As the format changed you create schema ‘Load Driver 2.0’ with URI urn:load-driver:2.0 and define another label in that schema, naming it again throughput. This time you would need to extract the data using two jsonpaths $.metrics.requests and $.metrics.duration and a function that would calculate the throughput value. In all places through Horreum you will use only the label name throughput to refer to the jsonpath and you can have a continuous series of results.

You can define a label mean-latency in Load Driver 2.0 that would not have a matching one in Load Driver 1.0. You can use that label without error even for runs that use the older schema, but naturally you won’t receive any data from those.

In other cases you can start aggregating data from multiple tools, each producing the results in its own format. Each run has only single JSON document but you can merge the results into single object:

{
  "load-driver": {
    "$schema": "urn:load-driver:1.0",
    "throughput": 4567.8
  },
  "monitoring": {
    "$schema": "urn:monitoring:1.0",
    "cpu-consumption": "1234s",
    "max-memory": "567MB"
  },
  "ci-url": "https://my-ci-instance.example.com/build/123"
}

Horreum will transparently extract the throughput relatively to the $schema key. Note that this is not supported deeper than on the second level as shown above, though.

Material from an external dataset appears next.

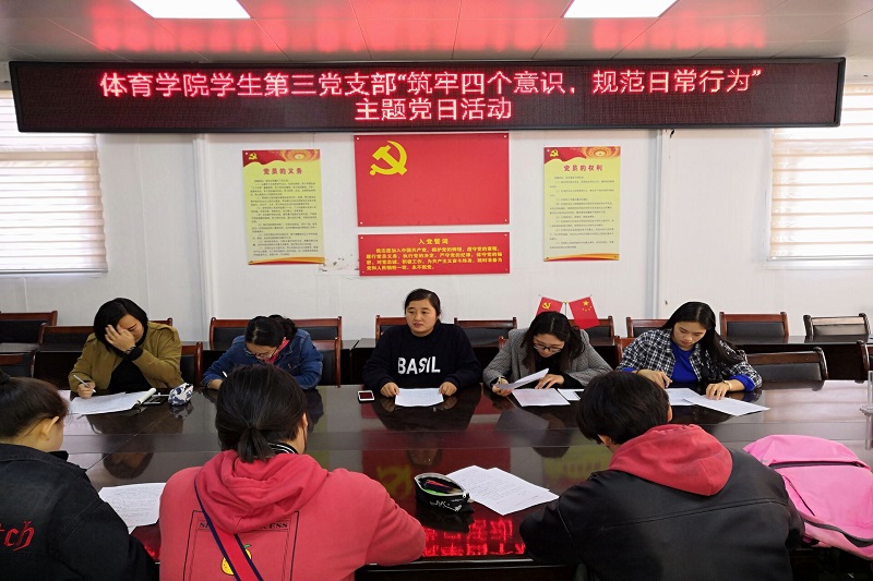 2018年10月31日中午,pg娱乐电子游戏官网入口学生第一党支部、第二党支部、第三党支部分别在pg娱乐电子游戏官网入口三楼会议室和人文楼109教室举行了“筑牢四个意识,规范日常行为”的主题党日活动。

  1. Since the jsonpath is evaluated directly in the database we use PostgreSQL jsonpath syntax ↩︎

3 - Users and security

User management and security

It is assumed that the repo will host data for multiple teams; each user is a member of one or more teams. Each run, test or schema is owned by one of the teams. The team corresponds to a Keycloak role (see below) with -team suffix, e.g. engineers-team. In the UI this will be displayed simply as Engineers, dropping the suffix and capitalizing the name.

Data access

We define 3 levels of access to each item (test, run, dataset or schema):

  • public: available even to non-authenticated users (for reading)
  • protected: available to all authenticated users that have the viewer role (see below)
  • private: available only to users who ‘own’ this data - those who have the team role.

In addition to these 3 levels, runs and schemas can have a ’token’ (randomly generated string): everyone who knows this token can read the record. This token is reset any time the restriction level changes.

Tests can have tokens, too: you can have an arbitrary number of tokens, each with a subset of read, modify and upload privileges.

Users and roles

Users and teams are managed in Keycloak. In non-production environment you can reach it on localhost:8180 using credentials admin/secret.

There are few generic roles automatically created during initial realm import.

  • viewer: general permission to view non-public runs
  • uploader: permission to upload new runs, useful for bot accounts (CI)
  • tester: common user that can define tests, modify or delete data.
  • manager: set team members and their roles within the team
  • admin: permission both see and change application-wide configuration such as global actions

Besides the team role itself (e.g. engineers-team) there must be a composite roles for each team combining the team role and permission role: bot account that uploads team’s data will have engineers-uploader which is a composite role, including engineers-team and uploader. This role cannot view team’s private data, it has a write-only access. Users who explore runs, create and modify new tests should have the engineers-tester role; a composite role including engineers-team, tester and viewer. You can also create a role that allows read-only access to team’s private runs, engineers-viewer consisting of engineers-team and viewer.

The admin role is not tied to any of the teams.